I had some in my 55g growing in fl-red substrate (over a layer of common crushed lava rock). I had just under 2wpg lighting and CO2. The effect was supposed to be a 1-4" (max) carpet on a heavy slope at one end of my tank. What I got was an 8-10" shag of very deep green DHG. The fish and shrimp loved it even if I didn't like the way it looked. Trimming it down to about 4-6" just induced thicker, faster growth.

I found the best planting method for it (after a few failed attempts) that I could find was the following:

#1 Remove the plug and plant from the pot, (I cut the pot up into many pieces ON the plug to not damage the roots prematurely by ripping, but cutting later)

#2 Pull apart the plug and separate the plants into smaller 'hair plugs' on a wet paper towel mat in a broad, shallow glass container with about 1/4" of water in it. (the whole process takes some time, this keeps the plants wet and organized.) The plugs should each be about 1/8" in diameter or maybe a little larger like 1/4 of a plain M&M in diameter.

#3 With a pair of forceps, grasp the 'hair plugs' by right above the root. Clip off about 1/8 - 1/4 (not inches, but ratio) of the root tips. Push the 'hair plug' into the soil at about a 45 degree insertion angle (the plug should be vertical, kind of a plowing motion. If the roots or blades are bent they will grow back to a straight up and down as they establish.) This is kind of hard to explain, but if you stick it straight in (at least with Fl substrate) it pulls back out when you release the forceps. You don't want it laying flat, and be careful not to bury it too deep. Work from one end to the other, spacing the plugs about 1" or so between them.

This is tedious work, but in the end each individial piece will be well planted. (and you dont have that strange cotton-y plant plug stuff wandering about the tank providing a place for algae to take hold) After a few weeks, mine had grown together into a very solid mass and actually grew way taller than I wanted. My tetras eventually stopped schooling and just kind of hung out in the carpet, it was bizarre.

I thought I may have accidentally recieved the wrong species, but I had several specimens from 3 different suppliers all grow out the same way. (my guess is, it was the lighting) :mrgreen:


----------



## patrick76

Cool thanks for the info.


----------



## Brewfish

I started some Lilaeopsis 'Mauritius' about a month ago.

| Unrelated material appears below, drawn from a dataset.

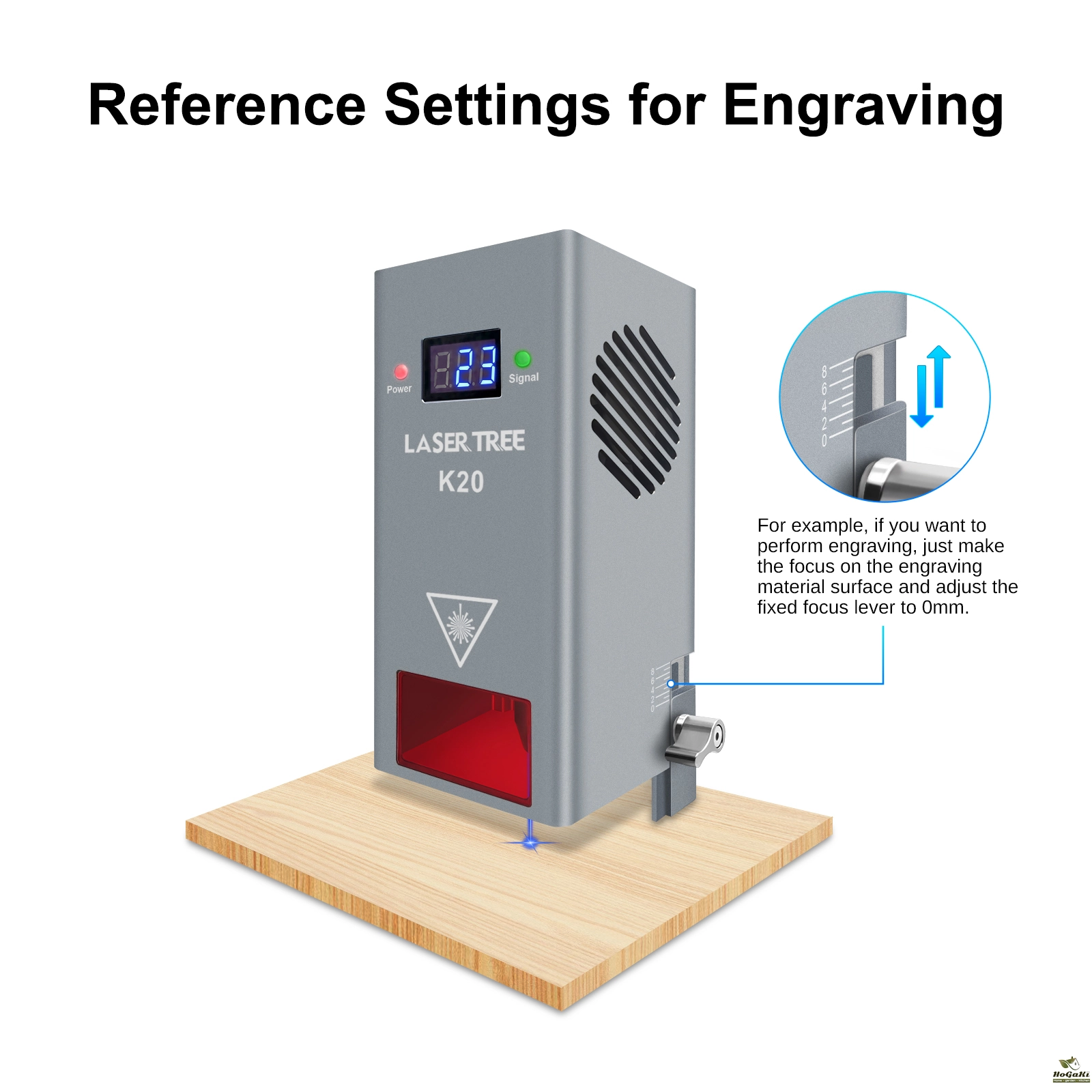 b. The focal length of engraving is 20mm, which is more suitable for engraving wood (cannot engrave stainless steel)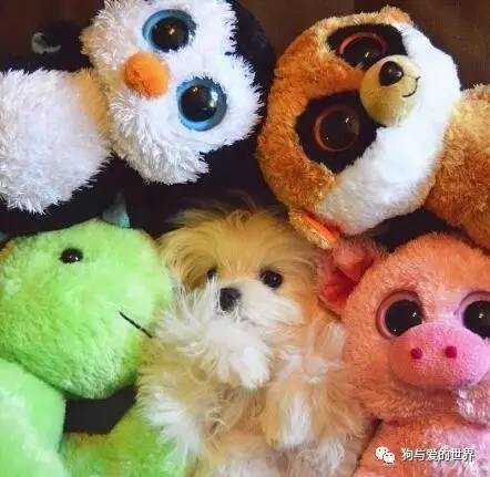 如果你也有这样一只狗狗,一定要给它买很多毛绒玩具放在一起!那画面一定可爱到爆棚!艾玛!我的少女心啊!

It survived a bad outbreak of BBA and I have since mowed it down to about 1.5 inch. It is just starting to set runners well and new growth is seen each day but I would not call it a real fast grower.


----------



## lauraleellbp

Brewfish said:


> I started some Lilaeopsis 'Mauritius' about a month ago. It survived a bad outbreak of BBA and I have since mowed it down to about 1.5 inch. It is just starting to set runners well and new growth is seen each day but I would not call it a real fast grower.


(Hope I'm not hijacking your thread Patrick?) Is this in a high light/tech setup or low?


----------



## jeremy1

I like glosso, but you have to tame it sometimes


----------



## patrick76

No your not hijacking it . I myself can't get Lilaeopis Maurtius to grow any its been in my tank for like 3 weeks.


----------



## lauraleellbp

patrick76 said:


> No your not hijacking it . I myself can't get Lilaeopis Maurtius to grow any its been in my tank for like 3 weeks.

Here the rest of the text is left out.